You can let it bounce, then play it off your own back wall or side wall.
You can play it off multiple walls on your own side, as long as the ball has bounced on the floor first.
The classic padel shot is letting the ball bounce, watching it come off the back glass, and hitting it back over the net. This is why beginners get caught flat-footed at first. In tennis, a ball heading for the back fence is a winner. In padel, it might come right back to you.
What ends the point
The ball bounces twice on your side of the floor.
The ball hits your wall or fence before bouncing on the floor.
You hit the ball into the net, or it lands outside the court.
The ball goes over the side fence (out).
You or your paddle touches the net while the ball is in play.
You hit the ball before it crosses the net to your side.
The Wall Rules That Trip People Up
A few rules around the walls cause most of the early confusion.
Your own walls are fine.

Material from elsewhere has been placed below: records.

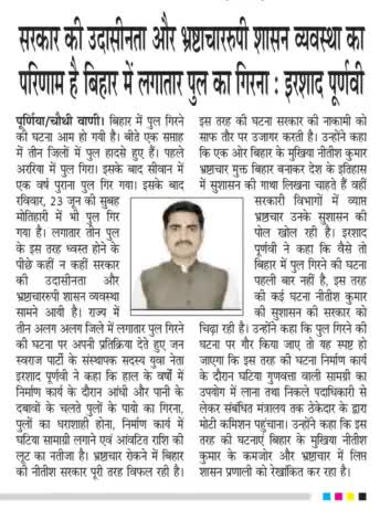 बिहार में जिस तरह से पुल गिर रही है ऐसा लग रहा है कि पुल बचाओ अभियान शुरू करना होगा
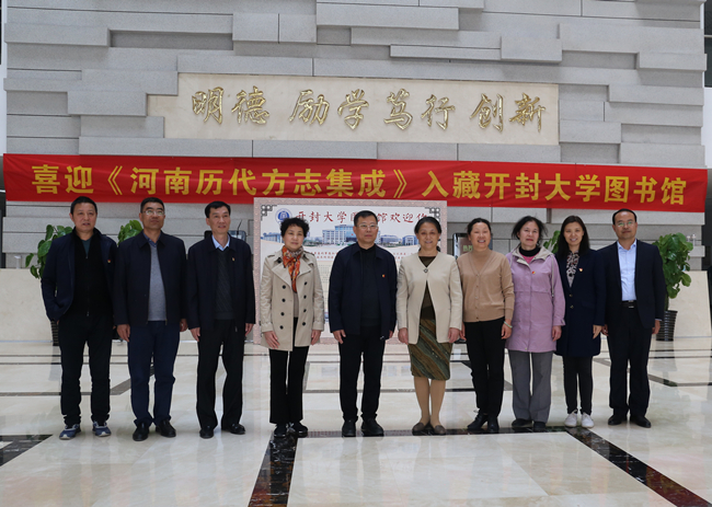 本站讯 4月14日,河南省地方史志办公室向我校捐赠了《河南历代方志集成》《河南省志》《传承》《河南历代诗人咏河南》等系列文献。我校党委书记陈灿、党委委员工会主席成芳、党委委员副校长谢文忠代表学校接受捐赠,陈书记向河南省地方史志办公室党组书记、主任管仁富颁发了赠书感谢状。
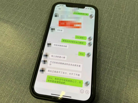 最后,这位盗图者干脆威胁:“你投诉我,保证你会多出很多差评。”
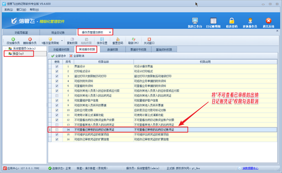 解決方法如下:使用系統管理員賬號登錄軟件,在功能導航窗點擊“系統管理”—》“操作員及授權”打開操作員管理及授權界面,選擇操作員賬號,在“其他操作權限”界面將“不可查看已審核的出納日記賬憑證”權限勾選取消,然后保存權限設置,如下圖所示。
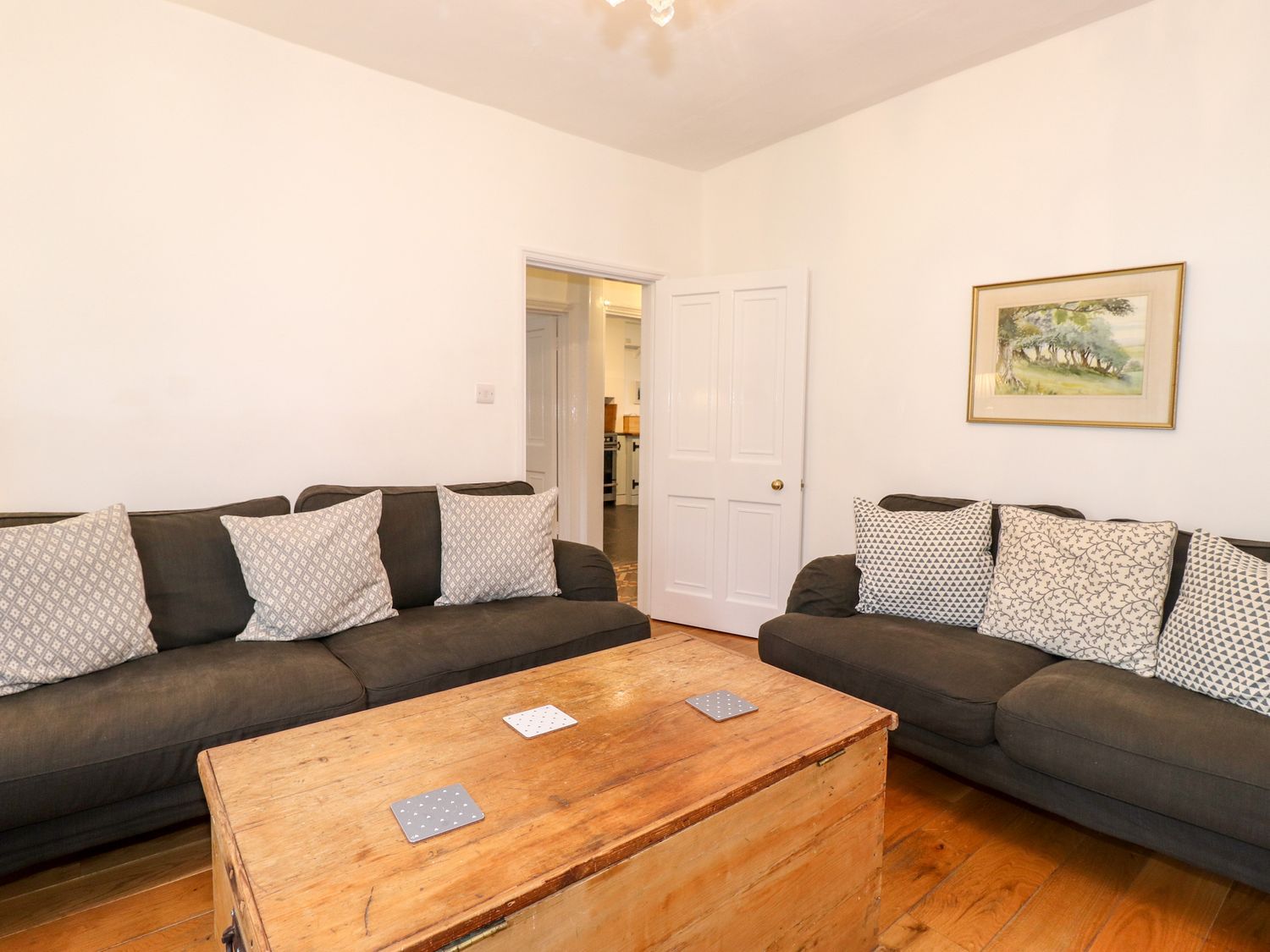 Over three floors. Four bedrooms: 1 x second-floor king-size, 1 x king-size, 1 x twin with balcony, 1 x twin. Bathroom with bath, walk-in shower, basin and WC. Second-floor shower room with walk-in shower, basin and WC. Ground-floor shower room with walk-in shower, basin and WC. Kitchen/diner. Utility. Dining room with woodburning stove. Sitting room.
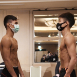 先月3日。計量をパスし、フェイスオフする京口とタノンサック、この後、京口のコロナ陽性が判明した
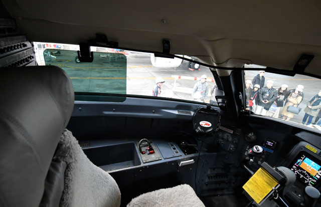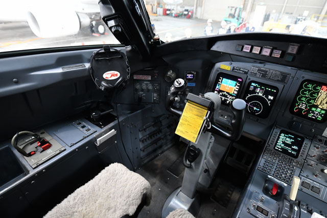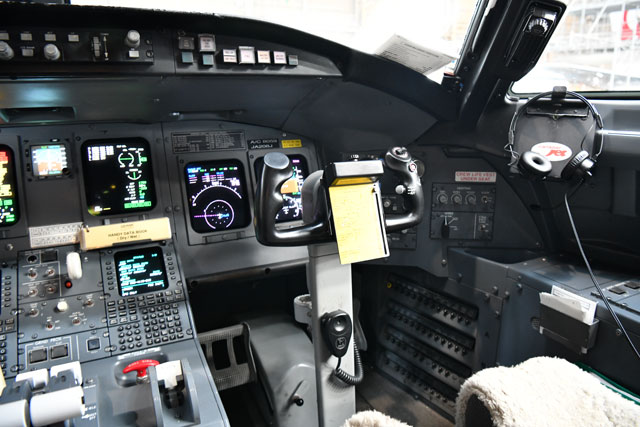 ジェイエアのCRJ200の副操縦士席=17年11月26日 PHOTO: Tadayuki YOSHIKAWA/Aviation Wire
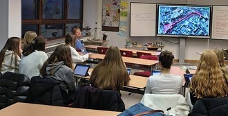 Schülerinnen des Erdkunde-Leistungskurses stellen ihre Ergebnisse zur Innenstadtentwicklung vor und diskutieren mit Vertreterinnen der Stadtverwaltung über Aufenthaltsqualität, Nachhaltigkeit und Klimaanpassung (Foto: Privat).
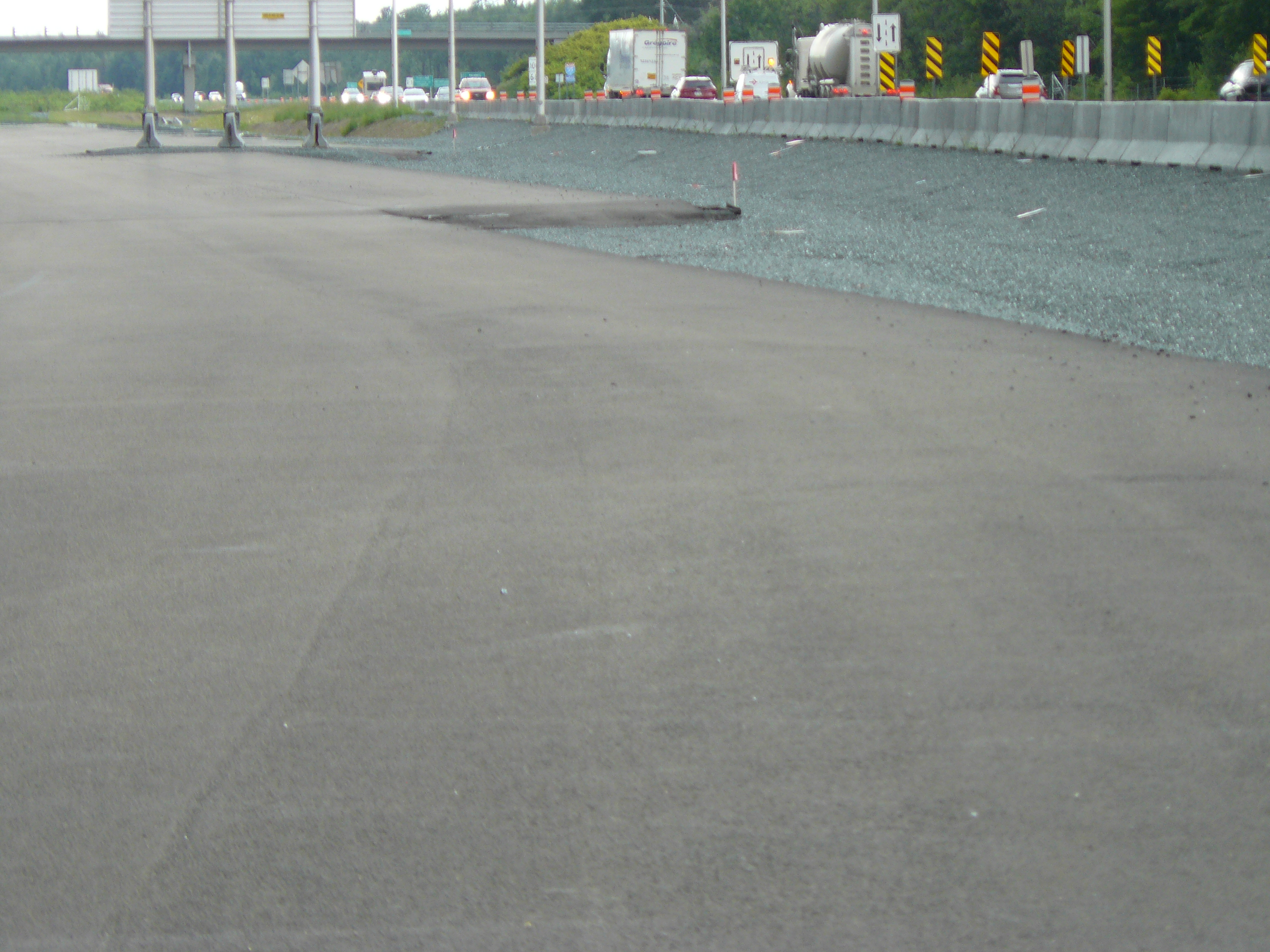 Il faut comprendre qu’à cet endroit, soit entre la pesée routière et l’échangeur A-40/A-55 (des km 192 à 196), il y a deux “effet-de-crête” qui, à eux seuls, revendiquent un tas de collisions. D’ailleurs, à la fin de chaque été, le pavage de l’A-40 est tapissé de traces de freinage. Il y a deux ans, un couple de cyclistes avait trouvé la mort, leur véhicule ayant été écrasé entre deux camions lourds, ne leur laissant aucune chance de survie. Depuis, un vélo est attaché à la clôture qui longe l’autoroute.
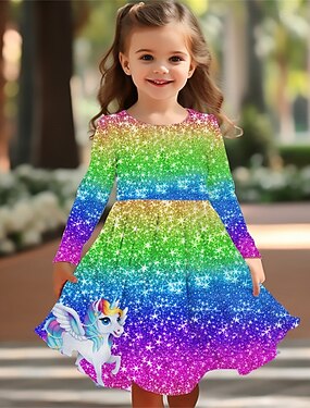 ragazze' 3D Arcobaleno Unicorno Abito Manica Lunga Estate Primavera Vacanza Quotidiano Ferie Principessa Bello Dolce Bambini 4-12 Anni Vestito Casual Abito a trapezio Lunghezza al ginocchio
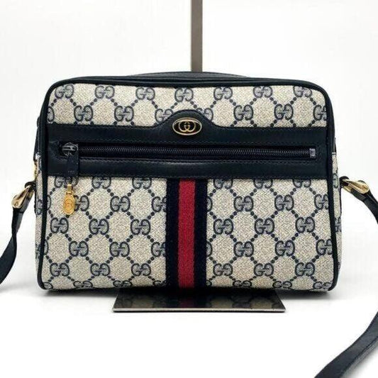Gucci GG Supreme Navy Monogram Crossbody Sherry Canvas Shoulder Bag
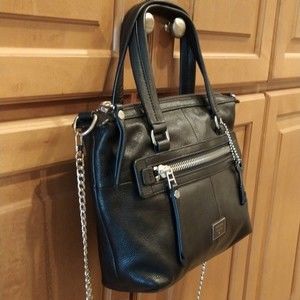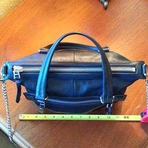 This versatile medium size tote features great quality supple pebbled leather with tonal stitching and bold silver tone hardware. Please note: it is missing original long strap, I will include the chunky chain strap shown in the photos.
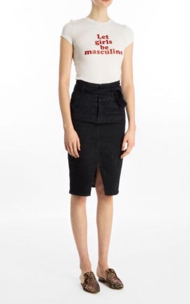 “Let girls be masculine”, es la frase de esta playera con la que podrás combinar tus vaqueros favoritos, además de incluir un mensaje feminista en letras rojas que hace alusión al empoderamiento de la mujer.
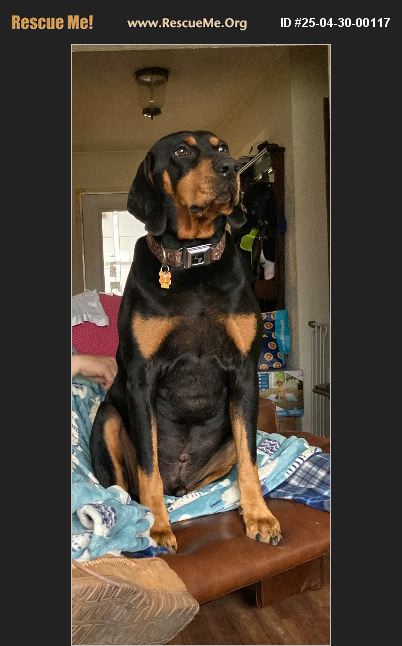 WayMore is a 80 pound+ black and tan coon hound. He loves to be a couch potato, and snuggles. loves to go for long walks, and is now learned how to play with toys. Very vocal when he is happy to see you. Absolutely loves his kibble. Crate trained house broke Great with my 10-year-old son great with my one year-old bull terrier unfortunately, my bull terrier is stressing him out. And for whatever reason, he does not take kindly to my husband feeding him probably previous owner did not treat him well during feeding, but he does not have a problem with men just for some reason, my husband. Because of this I need to find a better suited home. He needs a household to stretch his legs better and his vocal cords he would make a great hunting dog or a family dog. he is a drama queen. He needs gentle hands, kind heart, and patience.
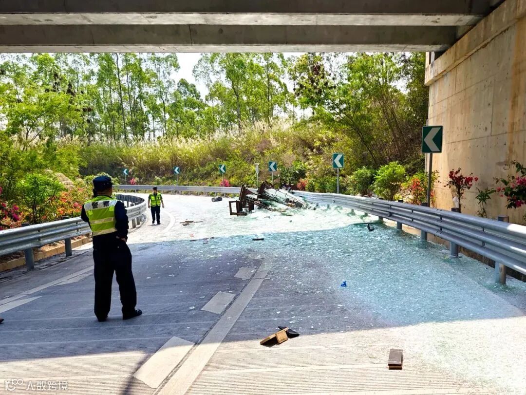 4月9日10时30分,云茂高速罗镜收费站出口匝道突发惊魂一幕:一辆满载30吨玻璃的重型货车在急弯路段因操作失误,货物架掉落,车上玻璃如下雨般倾洒一地,道路安全岌岌可危。
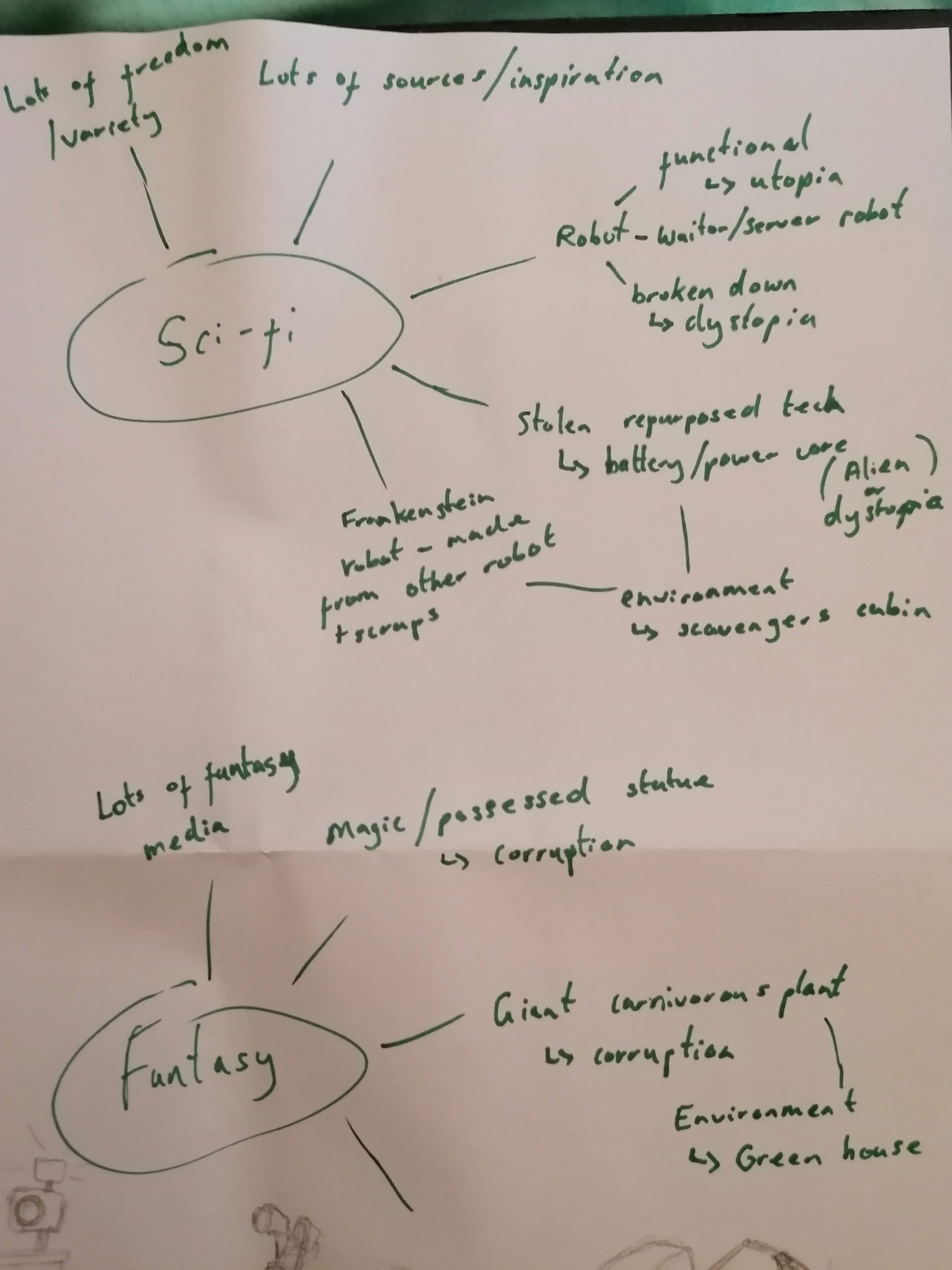 I brainstormed two different sci-fi robots one being a server robot that would have a tray with cocktails glasses on it if it was utopian or be broken and knocked over for dystopian and a robot made from scrap by a scavenger.
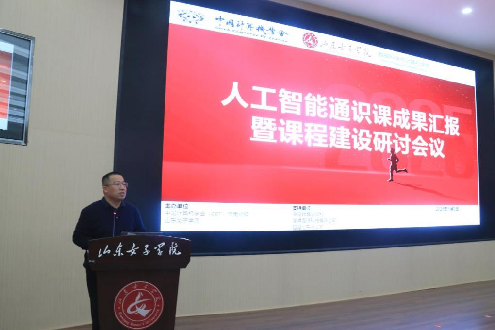 1月3日,数据科学与计算机学院在求真楼报告厅举办人工智能通识课成果汇报暨课程建设研讨会议。会议旨在搭建一个开放、共享的平台,促进人工智能通识课程建设经验的交流与分享,汇聚各方智慧,共谋地方高校人工智能通识教育的发展。会议特别邀请了山东大学计算中心主任、教育部高等学校大学计算机课程教学指导委员会委员、信息技术新工科产学研联盟计算机通识教育工委主任郝兴伟,山东交通学院信息科学与电气工程/人工智能学院院长张广渊,枣庄学院信息科学与工程学院院长杨振等省内高校专家领导,以及来自高等教育出版社、高寻真源科技有限公司、超星山东分公司的相关专家参会。副校长刘恩允到会致辞。学院主要负责人主持会议。
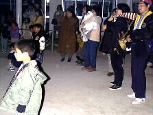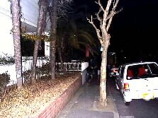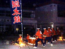 |  | 幼稚園の門の側では、走っていた車もちょっと停止して窓から顔を出して太鼓の演奏を見ていました。冬の夜の勇壮な太鼓演奏会でした。私は少し寒くなったので、急いで家に帰りまた夕食の支度の続きをしました。 |

Theirs are not, on the full. You can play the ball off any wall on your side after it bounces. But if you hit a shot that touches an opponent's wall before bouncing on their floor, you lose the point.
Metal fence is in play during rallies, just not on serve. If the ball hits the metal mesh on your side after bouncing on your floor, it is still in play and you can return it. The serve is the only time mesh contact ends the point.
The "out the gap" rule. At higher levels, players can run out of the court through the gaps at the side and return a ball from outside. This is legal, just rare. Most clubs do not have the gap configuration where this matters, and most players never need to think about it.

Equipment
Padel uses a solid paddle with no strings. The face has holes drilled through it, and the core is usually foam (EVA or polyethylene). Paddles are shorter than tennis racquets and have a strap that loops around your wrist, which is mandatory under FIP rules.
The ball looks like a tennis ball but has slightly lower internal pressure, which makes it bounce a little less and gives players more control off the walls. A regular tennis ball will technically work but feels too lively. Most clubs supply approved balls.
Common Mistakes New Players Make
Standing too close to the back wall. Stay around the service line area at first. You need room to let the ball come off the glass.
Trying to hit winners off the back wall. Use the wall to keep the ball in play and reset the point. Power shots are for the net.
Smashing every overhead. A good smash bounces high off your opponent's back glass and sails over the fence. Aim for that, not just hitting it hard.
Forgetting the serve has to bounce first. It is muscle memory from tennis. Drop, bounce, then hit.
Not communicating with your partner. Padel is a doubles game. Call balls, talk between points, and decide who covers what.
One More Thing About Format
If you are playing socially, most clubs run 60 or 90 minute open play sessions where you rotate partners and play short sets. In a tournament or league, expect the full best-of-three format. Pickup sessions in the US often play to first-to-six games with no ad scoring just to keep the rotation moving.